Sunday, December 04, 2011

Underrated Movie #141: The Man in the White Suit

Title: The Man in the White Suit
Year: 1951
Director: Alexander Mackendrick
Writers: Roger MacDougall, John Dighton and Alexander Mackendrick, based on a play by MacDougall
Stars: Alec Guinness, Joan Greenwood, Cecil Parker, Michael Gough, Vida Hope

The Story: A clever inventor in a dreary mill town creates the world’s most perfect fabric, which never wears out or gets dirty, but soon the bosses and labor are united in an attempt to squelch the invention before it can ruin their livelihoods. He goes on the run, but the sample suit he’s made stands out like a light bulb.

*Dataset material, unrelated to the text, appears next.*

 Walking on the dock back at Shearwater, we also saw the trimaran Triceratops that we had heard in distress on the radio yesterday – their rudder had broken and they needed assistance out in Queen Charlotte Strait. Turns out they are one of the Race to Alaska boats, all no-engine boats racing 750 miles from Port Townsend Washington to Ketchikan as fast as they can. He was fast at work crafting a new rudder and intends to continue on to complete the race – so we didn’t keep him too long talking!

How it Came to be Underrated: This movie, The Ladykillers, and especially Sweet Smell of Success should have made Mackendrick a permanent house-hold name, but his movies remain cult-hits, known mostly to film buffs.

Why It’s Great:

  1. Guinness’s brilliant and wholly believable performance is the polar opposite of the “coldly logical scientist” stereotype. Instead, he’s touchingly sensitive, desperate for society’s approval, but only on his own na├»ve terms. The moment when he finally realizes how much unintentional suffering his invention would cause is subtly devastating.
  2. It’s a funny movie, but there aren’t actually any jokes, per se. It’s certainly satirical, and it’s structured like a zippy screwball farce, but everybody plays it straight, and the movie has a lot of serious things to say about the ironic dual-edged sword of “progress”. When Guinness goes on the run, only children help him. They’re the only ones to whom the future is worth more than the past.
  3. But the fable plays differently today. At the time, opposition to the labor-saving properties of synthetic materials seemed backward and misguided, but today we would ask, “what chemicals are in it? Are they carcinogenic? Are these resources as renewable as old fashioned wool and cotton?” In retrospect, the faith-in-science ‘50s seem like a strange mini-enlightenment, and our new distrust-of-science era (on both sides of the political divide, albeit for different reasons) is in some ways a romantic revival.
  4. After his American career trailed off, Mackendrick became a legendary filmmaking instructor, and I’ll spend some time later this week working through the list of rules that commenter “J.S.” unearthed in the comments last week, so stay tuned for that. Many of his rules are about how to trim down and speed up a story. This 85-minute-wonder is a beautiful example

If You Like This, You Should Also Check Out: Guinness triggered another manhunt in The Lavender Hill Mob. He got to play another unrecognized genius (at least in his own mind) in The Horse’s Mouth.

How Available Is It?: Netflix has it on Watch Instantly but not on DVD. Luckily the Watch Instantly print is beautiful.

Today’s Post Was Brought To You By: Test Tube Frankenstein!

1 comment:

J.A. said...

Thanks for this. Mackendrick has been on my list, and this was a great place to start. A strange and interesting film.

Looking forward to hearing what you have to say about his writing. ON FILM-MAKING has been sitting in my "to read" pile for a while.